Tomás sorriu também, mas não desistiu de contra-
atacar.
— Ah, não sei. Talvez a filha do Giancarlo tenha
razão e você esteja um pouco ultrapassado.
— Quer dormir na firma hoje? — Voltei a ficar sério.
— De jeito nenhum, chefe. — Senti o medo em sua
voz.
— Então se retire. — Apontei o caminho do
elevador.
— Sim, senhor. — Foi para lá depressa e sem olhar
para trás. Gargalhei em um tom quase inaudível,
adorava trocar piada e me divertir com ele.
Entrei no corredor de acesso à sala do Giancarlo
que, assim como a minha e todas as outras, tinha uma
fachada de vidro dando visão para o interior do grande
espaço. Cumprimentei sua secretária antes de
ultrapassar a porta para encontrá-lo terminando de
preparar o seu cappuccino na máquina.
O aroma inconfundível do café somado ao leite
cremoso inundou o ambiente sofisticado, as paredes
azuis eclesiástico se harmonizavam com os móveis em
tons de cinza, além dos detalhes em madeira caramelo,
o que tornava tudo mais aconchegante.
Sentei no sofá de couro e cruzei as pernas.
— O que houve com você? — O olhar do homem de
trinta e oito anos me examinou de cima a baixo. Eu era
apenas dois anos mais velho que ele e isso não mudava
nada, tendo em vista que o infeliz por vezes era mais
sagaz.
— Um pequeno furacão esbarrou em mim —
expliquei, me julgando internamente por ter ficado duro
diante da filha dele.
Isso me tornava filho da puta demais.
— Servido? — Giancarlo ofereceu a xícara que
exalava o vapor cheiroso, todavia, com um movimento
de mão, recusei.
— Prefiro uísque.
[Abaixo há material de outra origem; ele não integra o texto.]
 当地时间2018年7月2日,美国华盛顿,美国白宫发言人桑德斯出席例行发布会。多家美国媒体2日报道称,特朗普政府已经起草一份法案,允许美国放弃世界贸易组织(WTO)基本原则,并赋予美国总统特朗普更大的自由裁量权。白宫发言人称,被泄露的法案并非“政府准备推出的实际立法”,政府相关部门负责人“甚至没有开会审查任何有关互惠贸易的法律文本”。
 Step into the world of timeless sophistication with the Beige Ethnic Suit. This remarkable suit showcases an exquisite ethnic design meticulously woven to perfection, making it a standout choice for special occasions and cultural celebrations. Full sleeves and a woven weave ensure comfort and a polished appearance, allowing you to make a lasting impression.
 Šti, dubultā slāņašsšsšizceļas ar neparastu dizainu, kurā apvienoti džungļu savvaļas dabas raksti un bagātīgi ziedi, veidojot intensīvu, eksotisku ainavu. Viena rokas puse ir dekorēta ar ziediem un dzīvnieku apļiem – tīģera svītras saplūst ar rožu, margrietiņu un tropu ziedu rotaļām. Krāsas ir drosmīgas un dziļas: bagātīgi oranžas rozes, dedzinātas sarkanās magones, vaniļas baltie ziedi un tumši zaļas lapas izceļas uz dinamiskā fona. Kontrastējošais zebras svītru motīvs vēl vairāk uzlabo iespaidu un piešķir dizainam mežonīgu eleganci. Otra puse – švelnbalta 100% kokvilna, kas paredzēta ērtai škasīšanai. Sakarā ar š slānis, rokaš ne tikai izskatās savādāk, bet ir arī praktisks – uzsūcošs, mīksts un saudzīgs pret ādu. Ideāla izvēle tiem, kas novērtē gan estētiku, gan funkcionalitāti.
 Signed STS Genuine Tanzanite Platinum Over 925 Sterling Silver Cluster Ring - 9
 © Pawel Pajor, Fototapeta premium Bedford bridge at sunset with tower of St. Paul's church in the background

Na verdade, estou necessitando.
— Giancarlo se sentou no sofá à minha frente enquanto
eu me levantei afim de me servir, mas sentei novamente
ao lembrar que ele não bebia nada alcoólico. Não mais.
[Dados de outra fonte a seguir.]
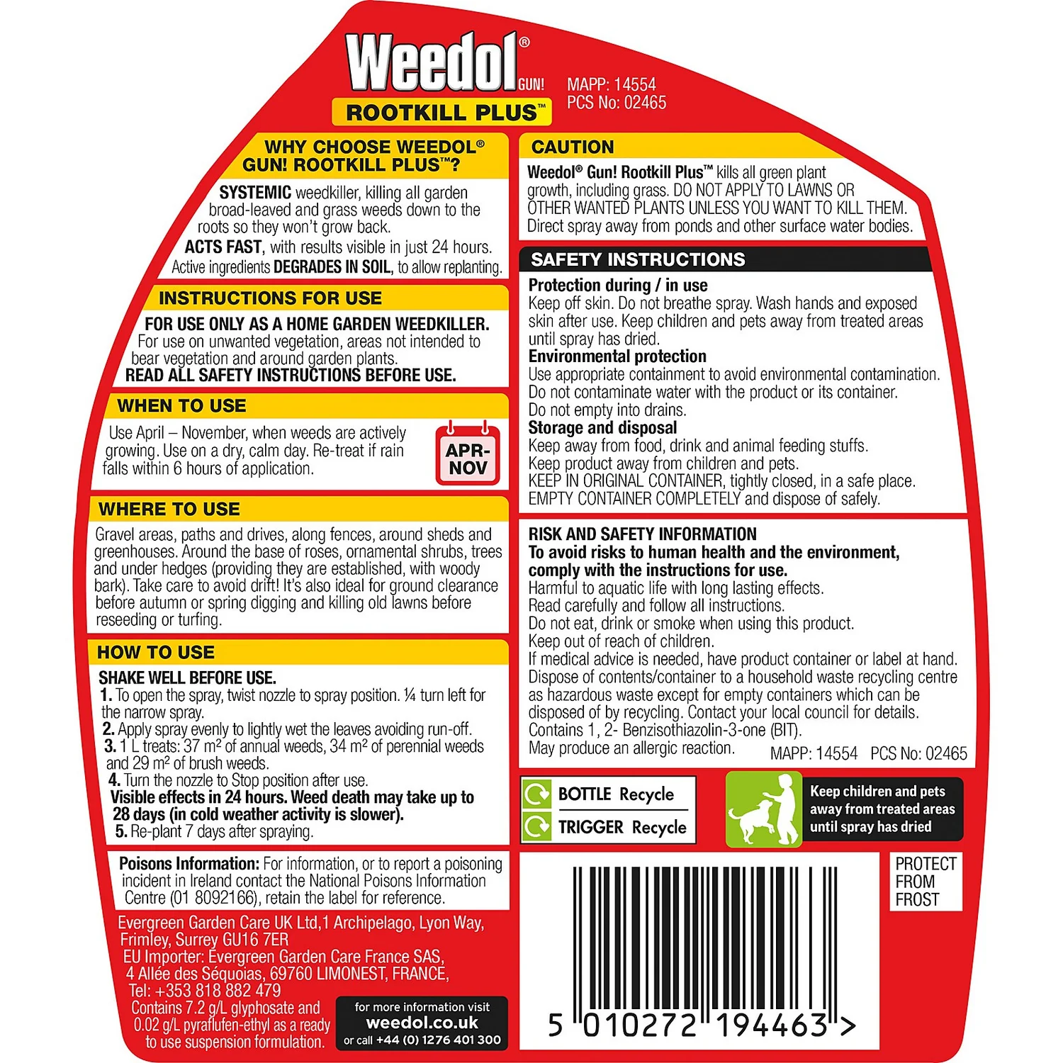 | Safety Information | Contains glyphosate and diflufenican. Use weed killer products safely. Always read the label and product information before use. |

Meu amigo mudou após a morte de Aurora. — Scusa —
me desculpei.
— Ah, pare com isso. — Fez um sinal de pare com a
mão e tomou o primeiro gole do seu cappuccino,
desviando a atenção por um breve instante.
— O que quer conversar? — Engatei um novo
assunto, cruzando as pernas outra vez.
— Então dispensou mais uma estagiária...
— Ah, não acredito que é um sermão.
— O que foi dessa vez? — Após mais um gole,
Giancarlo depositou a xícara sobre a mesinha de centro.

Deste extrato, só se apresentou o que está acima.